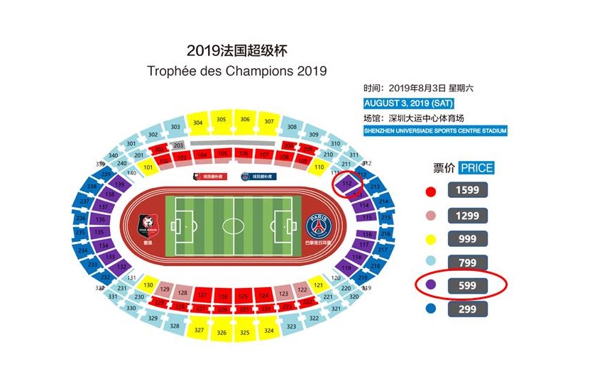 A l’occasion du Trophée des Champions qui se tiendra le 3 août à Shenzhen, le Consulat Général de France à Canton et la CCI FRANCE CHINE ont pré-réservé 200 places pour la communauté française. Venez suivre le match PSG-Rennes à Shenzhen dans une ambiance festive dans la tribune 112 (599 RMB), à côté du Fan Club du PSG (tribunes 113-114-115). Vous pouvez acheter les places directement via ce lien en anglais : https://en.damai.cn/event/tickets_178053/
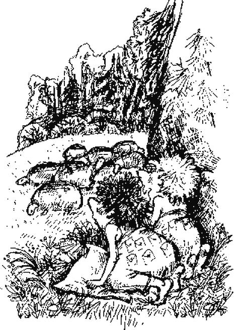 Надежно защищенные мощной веткой дерева, свисающей почти до земли, друзья принялись разглядывать лужайку. Залитые лунным светом, по ней бродили большие пятнистые животные, похожие на черепах. Они с наслаждением жевали сочную лесную траву, издавая при этом резкий хрустящий звук, который и помешал путешественникам спокойно доспать до утра. Необычные черепахи безмятежно и спокойно продвигались по поляне, занятые своим лунным завтраком.
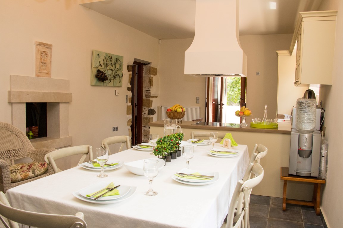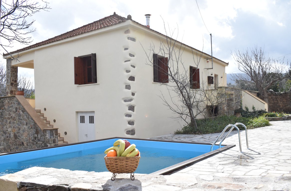 Our luxurious restored 120sq.m Venetian style villa with private pool, blends modern and traditional elements, while integrating the best of local architecture.The villa, first built during the Venetian period , has 2 bedrooms and 2 bathrooms accommodates up to eighth people in two large bedrooms (Master bedroom consists of one king bed plus 2 single- Second bedroom consists of 2 double beds )while the living area includes a large modern kitchen as well as sitting and dining areas. It has a TV, as do the bedrooms. There’s a lovely sense of space in the exterior of the property, with its generously-sized verandas and expansive view of the surrounding nature.
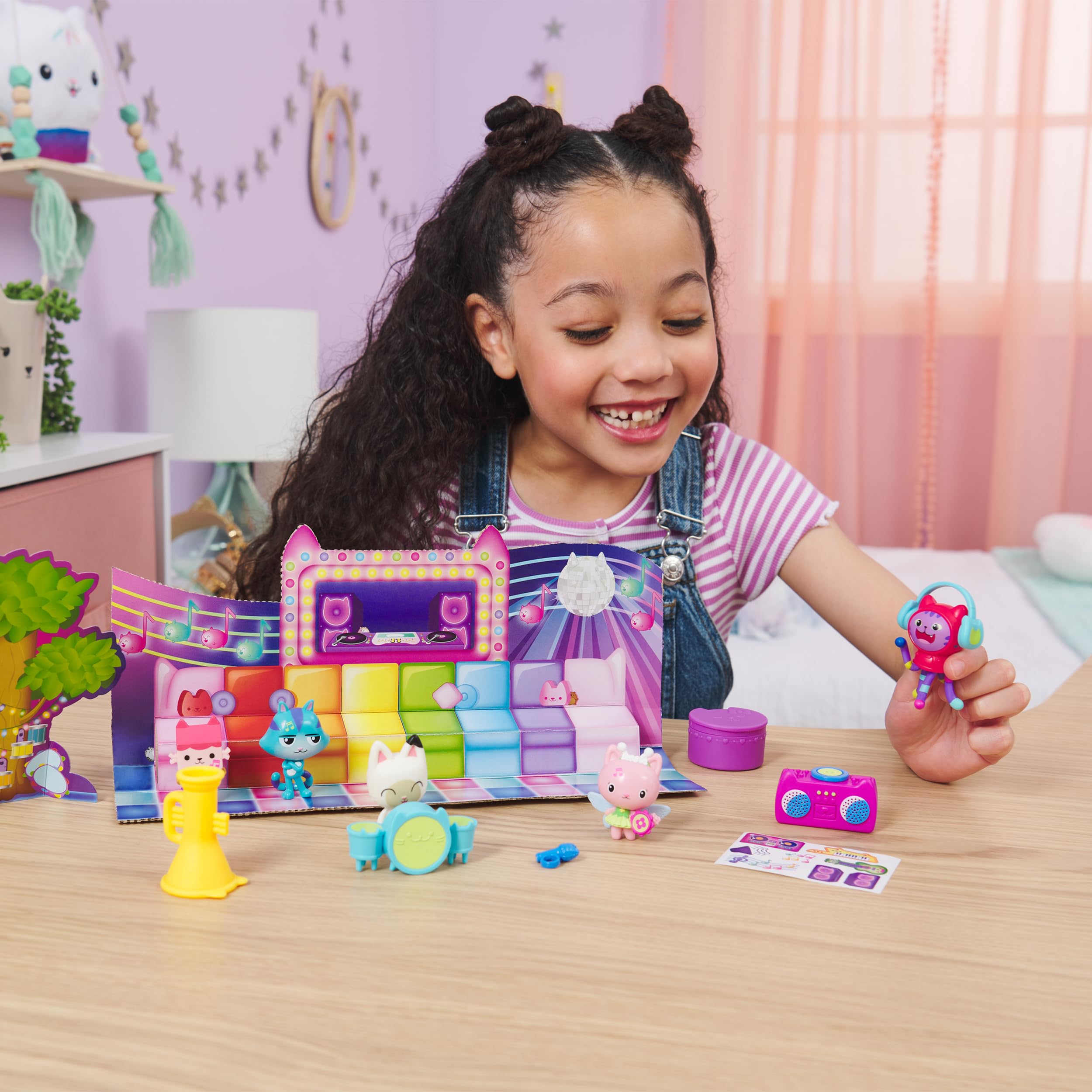 Przygotuj się na rockowe szaleństwo z ulubionymi zabawkami Kociego Domku Gabi w zestawie muzycznym! Ten 14-częściowy zestaw jest obowiązkowy dla fanów Gabby i zawiera ulubione kotki.

# Exercise description
Would you copy out all the data exactly, without the images?

# Written response
 A l’occasion du Trophée des Champions qui se tiendra le 3 août à Shenzhen, le Consulat Général de France à Canton et la CCI FRANCE CHINE ont pré-réservé 200 places pour la communauté française. Venez suivre le match PSG-Rennes à Shenzhen dans une ambiance festive dans la tribune 112 (599 RMB), à côté du Fan Club du PSG (tribunes 113-114-115). Vous pouvez acheter les places directement via ce lien en anglais : https://en.damai.cn/event/tickets_178053/
 Надежно защищенные мощной веткой дерева, свисающей почти до земли, друзья принялись разглядывать лужайку. Залитые лунным светом, по ней бродили большие пятнистые животные, похожие на черепах. Они с наслаждением жевали сочную лесную траву, издавая при этом резкий хрустящий звук, который и помешал путешественникам спокойно доспать до утра. Необычные черепахи безмятежно и спокойно продвигались по поляне, занятые своим лунным завтраком.
 Our luxurious restored 120sq.m Venetian style villa with private pool, blends modern and traditional elements, while integrating the best of local architecture.The villa, first built during the Venetian period , has 2 bedrooms and 2 bathrooms accommodates up to eighth people in two large bedrooms (Master bedroom consists of one king bed plus 2 single- Second bedroom consists of 2 double beds )while the living area includes a large modern kitchen as well as sitting and dining areas. It has a TV, as do the bedrooms. There’s a lovely sense of space in the exterior of the property, with its generously-sized verandas and expansive view of the surrounding nature.
 Przygotuj się na rockowe szaleństwo z ulubionymi zabawkami Kociego Domku Gabi w zestawie muzycznym! Ten 14-częściowy zestaw jest obowiązkowy dla fanów Gabby i zawiera ulubione kotki.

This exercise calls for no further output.